Страница 103 из 105
Это может показаться вам бездушным или, во всяком случае, необычным, но я поехала в мастерскую художника на свидание с портретом — встречи с самим Стахиевым я бы, пожалуй, не выдержала. Художник стал нашим посредником и, должна сказать, превосходным. Передо мной был человек, которого я, конечно, не знала, но по-своему интересный, даже загадочный. С зелёными глазами, которыми так знаменита моя красавица дочь Жюльетта.
И вот в мастерской, в этом странном высоком и узком доме на берегу реки я увидела набросок вашего портрета. В юности. В театральном костюме. Художник не рассказал о вас ничего, только что вы были добрым гением и покойного императора и всей страны, смягчая его неукротимый нрав. Он добавил, что ваши дороги с императором разошлись ещё при его жизни, и кто знает, не это ли обстоятельство способствовало раннему и трагическому концу предшествующего правления. Если захотите, вы можете расширить рамки этого рассказа. Меня не интересуют личные отношения, движения сердечные, я увлечена идеей объединённой Европы — без войн и кровопролитий, в едином понимании смысла христианства, без противоестественного, с точки зрения божественного учения, деления на конфессии. Мои первые слова нашли живейший отклик у императора Александра, но здесь, в России, я неожиданно для себя натолкнулась на стену неприятия, непонимания, прямой враждебности. Как проповедник, я хочу преодолеть эти препятствия, будучи уверена в благородстве моей цели. Я не стану задавать вам вопросов. Вы сами подскажете мне, что может оказаться полезным. Если примете, разумеется, теорию, которой я служу.
ЭПИЛОГ
Ты спрашиваешь, чем я живу, мой милый племянник. Занятия мои не видны для постороннего глаза. Они сосредоточены внутри моего существа, моего духовного зрения и моей памяти. Если обстоятельства настроения, самочувствия, маленьких раздражителей повседневного бытия складываются благоприятно, вечерами, у маленького камина, я совершаю долгие путешествия по местам моей молодости. Хотя говорят, что человеку пожилых лет свойственно помнить преимущественно своё детство и забывать, что приходило ему на смену, у меня всё сложилось наоборот. Есть яркая незабываемая полоса между моей юностью и возрастом сорока с небольшим лет, она даёт мне нескончаемый ряд зрительных впечатлений, которые не тускнеют с годами.

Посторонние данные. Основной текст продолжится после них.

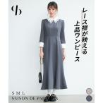 ワンピース ワンピ ロングワンピース 長袖 8分袖 ギャザースリーブ 襟付き レイヤード風 レース マーメイド バックゴム ウエスト切り替え バックフ

Сегодня об императоре Павле I не говорят, и потому у меня нет собеседников. Никто не вспоминает далее о том, что его жизнь и правление — это Гатчина, гатчинская сказка, превращённая сегодня в символ казарменного порядка и стиля. Она такой, может быть, и стала, но она сначала такой не была. Ты хотел бы, как ты пишешь, стать, хоть ненадолго, спутником моих давних впечатлений. Что же, нынче благоприятный день. Я совсем неплохо себя чувствую. С утра я прочла нравящиеся мне строки твоих стихов, Евгений Баратынский, и я приглашаю тебя стать спутником «этой крошечной мадемуазель Нелидофф», как меня обычно смолоду называли.
С чего начать? Я чаще всего вспоминаю отлогие широкие ступени, которые вели из Гатчинской дворцовой церкви в приёмные залы. Они были так удобны, что проделать подобный путь можно было танцуя. Обычно мне требовалось немало усилий, чтобы не подчиниться этому внутреннему желанию.
Крошечная «перед-овальная». Не удивляйся непривычному языку, но хозяева Гатчины именно так её называли. Стены, от пола до потолка увешанные картинами. Даже за печкой. Даже в самом тёмном углу. И обычный дворцовый меланж — от отличной живописи до совершеннейшей посредственности, что не привлекало к себе ничьего внимания. Император вообще не проявлял интереса к живописи и искренне удивлялся моим восторгам.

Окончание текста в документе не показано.